Unfortunately for Mason, the blank slate that had been a virtue at the caucus meeting became a liability on the campaign trail. The Libertarians, as expected, had nominated Senator Huddleston, who had spent the previous six years building a reputation as a reformer, and as a bridge between Mexico’s Anglo and Hispano populations. Mason now found himself regarded as an unfamiliar face with nothing to offer Mexican voters. Mason attempted to appeal to the growing Mexicano vote by distancing himself from his Jeffersonian roots, calling himself “A Californian, by God, and proud of it!” The attempt failed, and only served to alienate the Jeffersonian planters who were the closest thing Mason had to an electoral base. In desperation, Mason sought to co-opt Huddleston’s reform program, calling for less reliance on French loans and investments, and greater assistance to the impoverished Mexicano peasants of the south. Even a Continentalist candidate with an established reputation would have had a difficult time persuading the voters of his sincerity; for the “man with no past,” it was an exercise in futility.

The result was a complete route for the Continentalists. The Libertarians gained control of five of the six state legislatures, allowing them to replace eight incumbent Continentalist Senators with their own candidates, and giving them control of the Senate for the first time.
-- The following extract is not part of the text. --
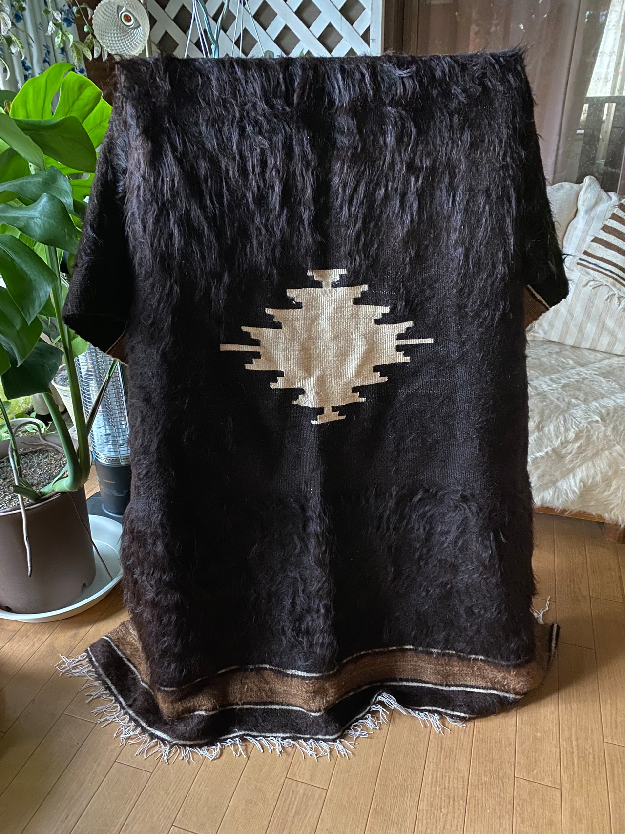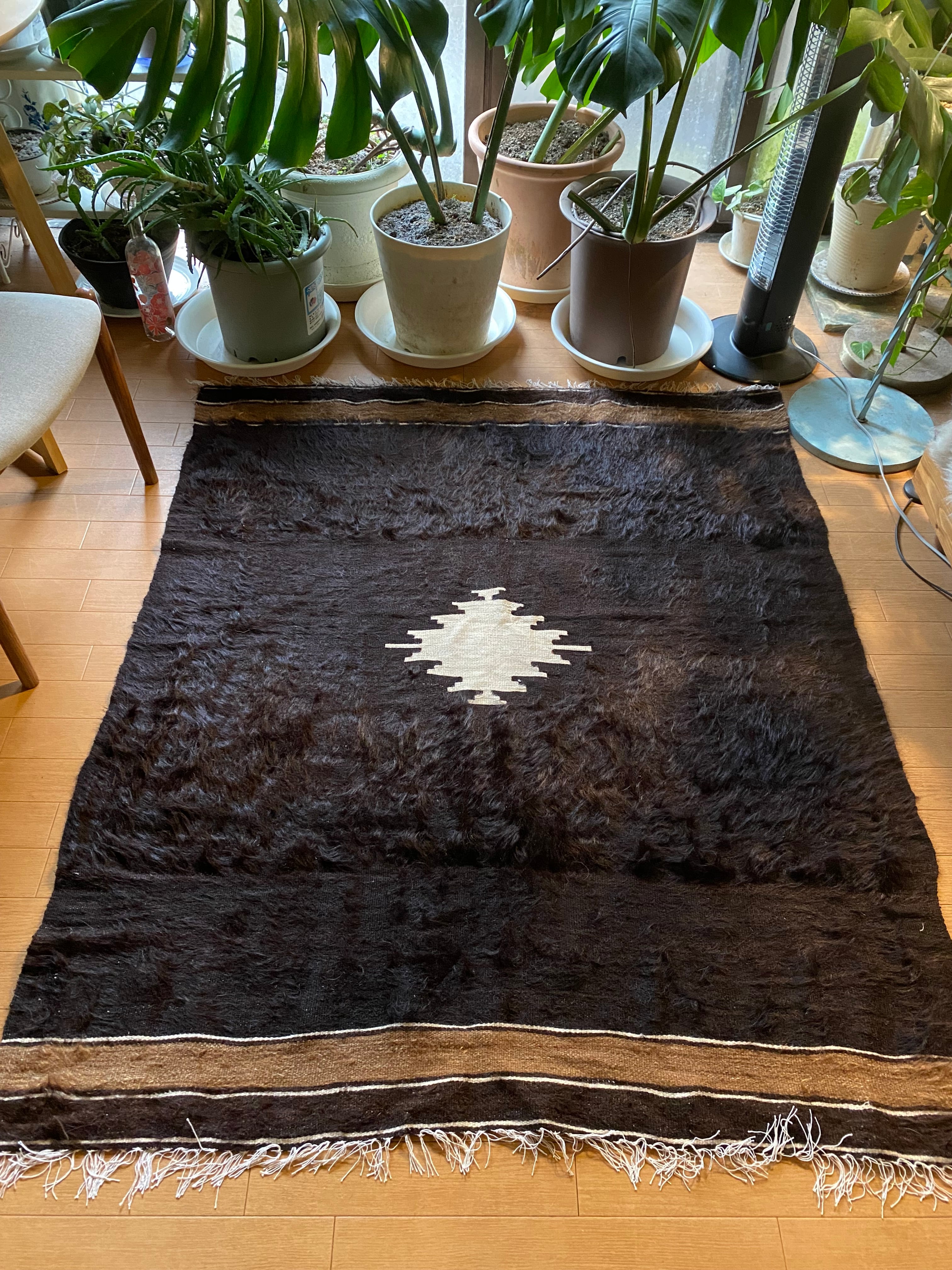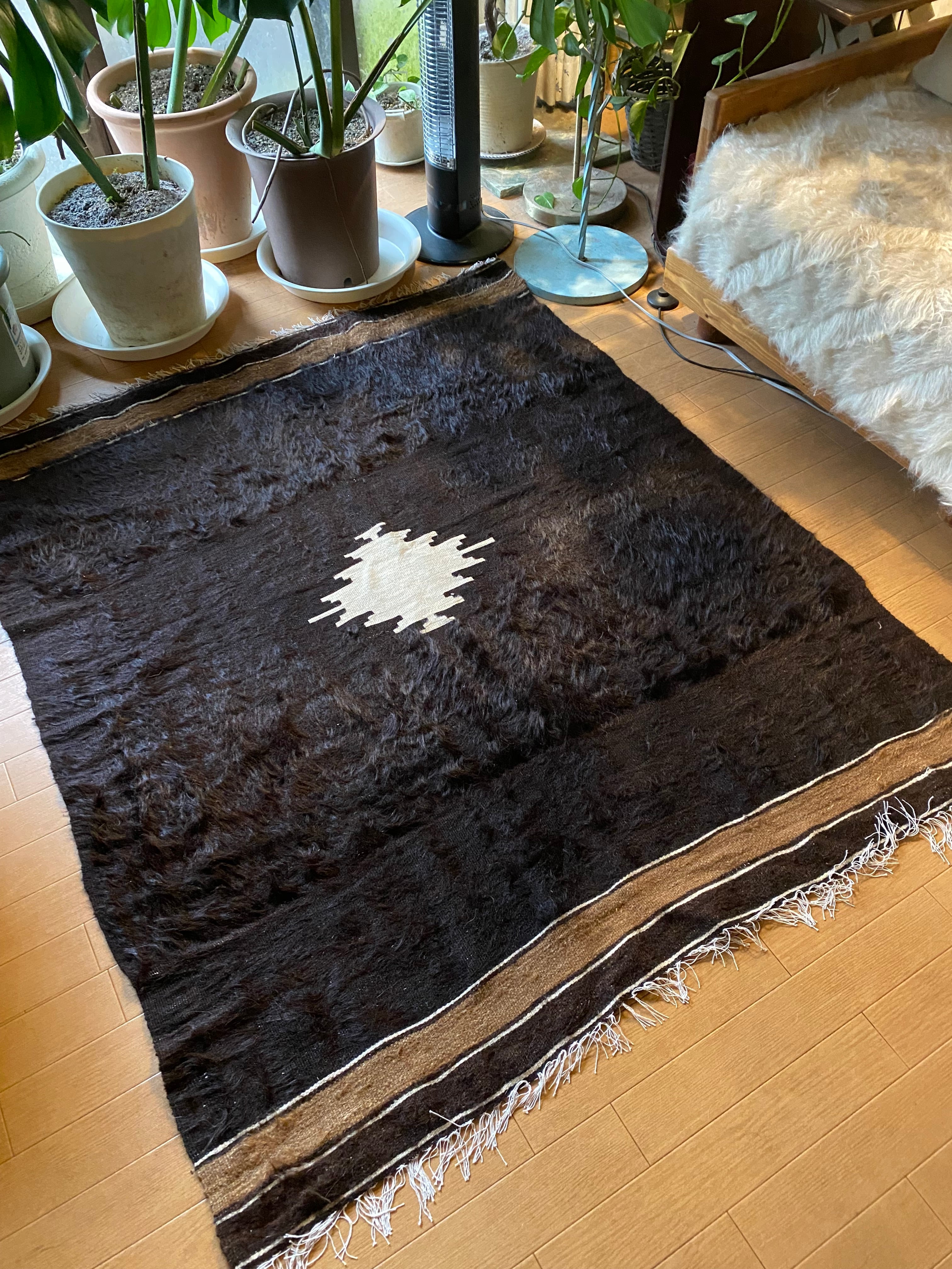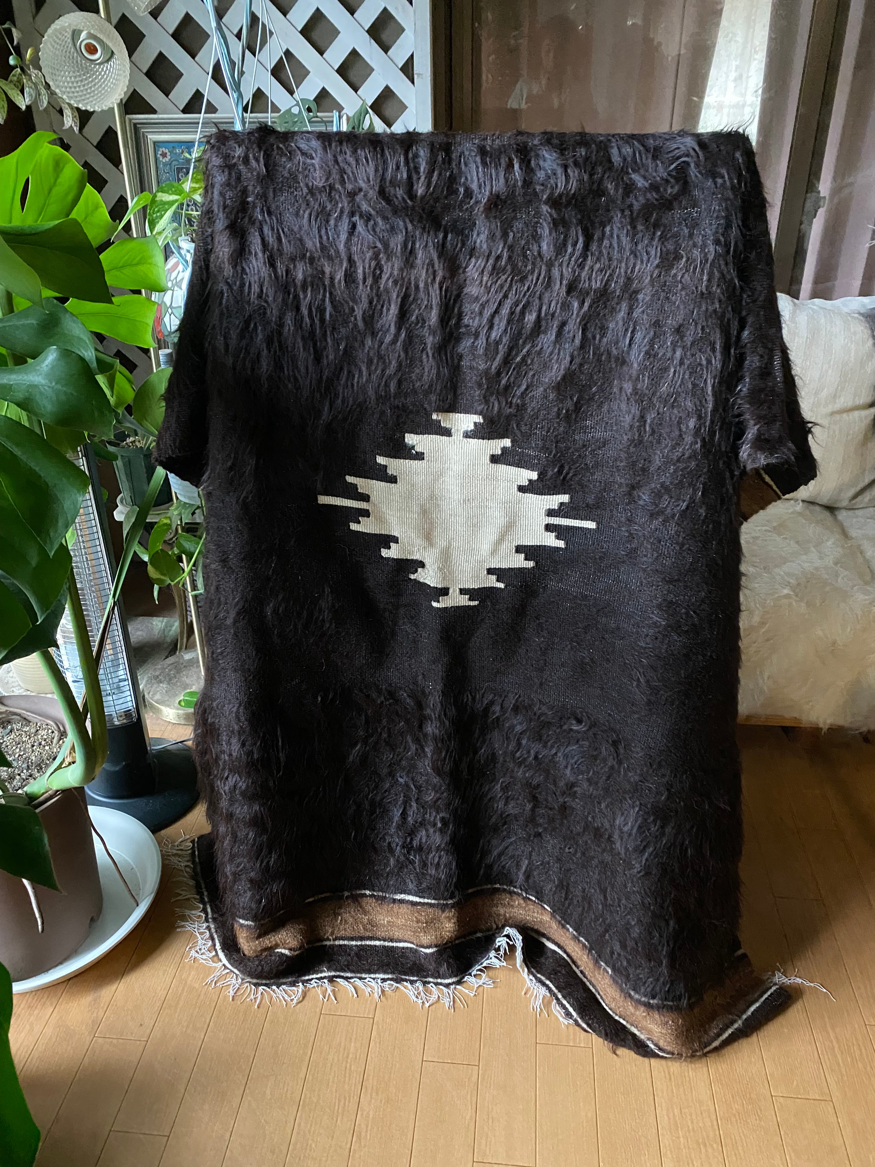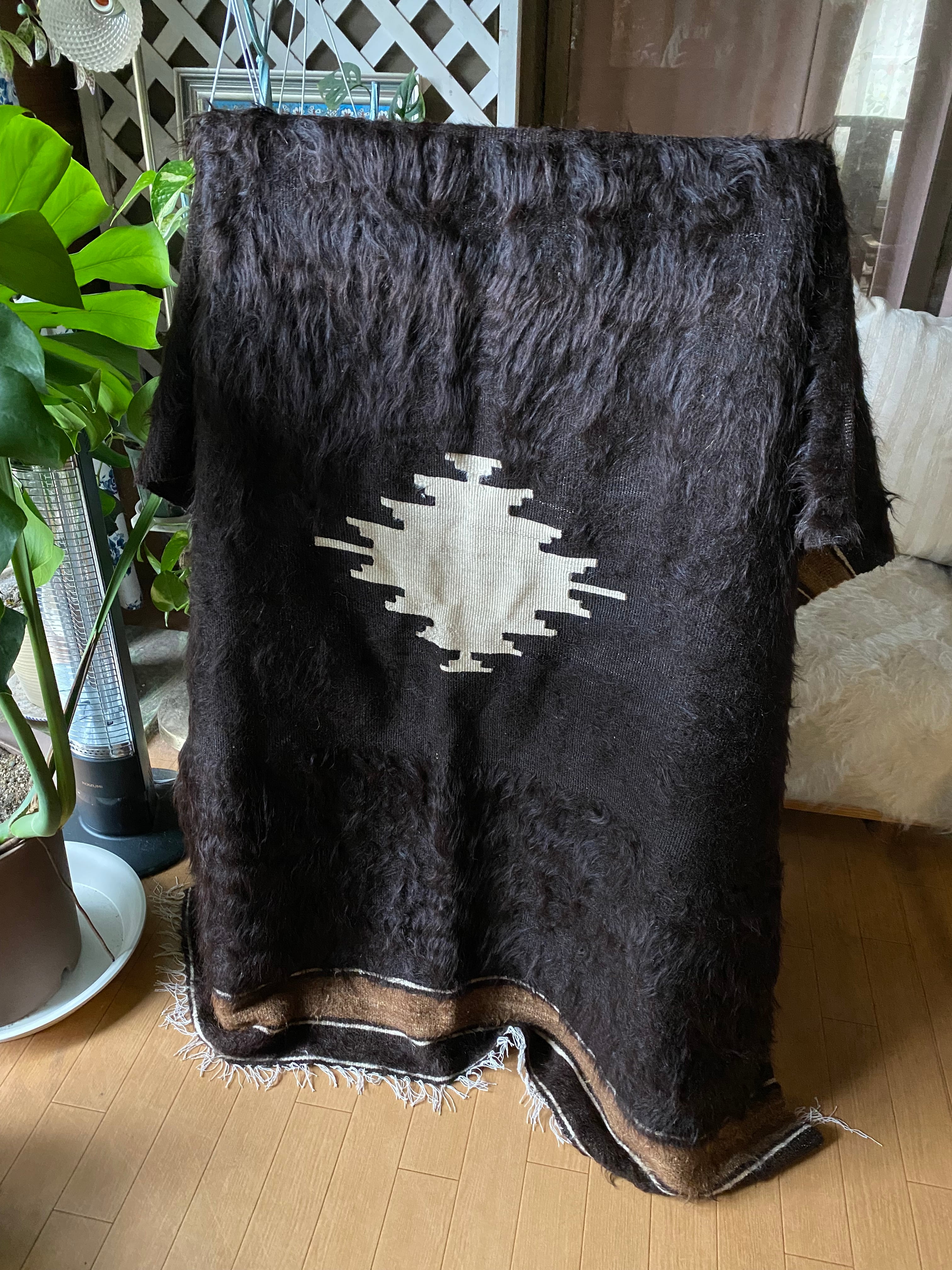 また、毛をけば立てて幾何学模様が入っておりますが、ウールではこのような毛羽立ちの模様はできないそうです。山羊ならではの模様をお楽しみください。 裏面でお使いいただければ、普通のキリムとして も使えます。

When the newly-elected Senate met on September 5, the seventeen Libertarian members voted in unison for Huddleston, who was inaugurated the next day as the second President of the U.S.M. [4]

1. Lorenzo Baker. The Man With No Past: The Life of John Mason (San Francisco, 2009), pp. 130-44.

2. Pablo Cruz. The Long Twilight: The Decline of Andrew Jackson (Mexico City, 1974), p 367.

3. Hernán Montoya. Strange Places and Strong Men (Mexico City, 1857), p. 73.

4. Martin York. The Election of 1839 (Mexico City, 1970), pp 488-506. Mason’s poor showing in the elections left him disillusioned with politics, and he embarked on a career in business. A series of bad investments left him virtually penniless by 1846, when he volunteered for the California Brigades. He was killed at the Battle of San Fernando on July 6, 1850. Baker. The Man With No Past.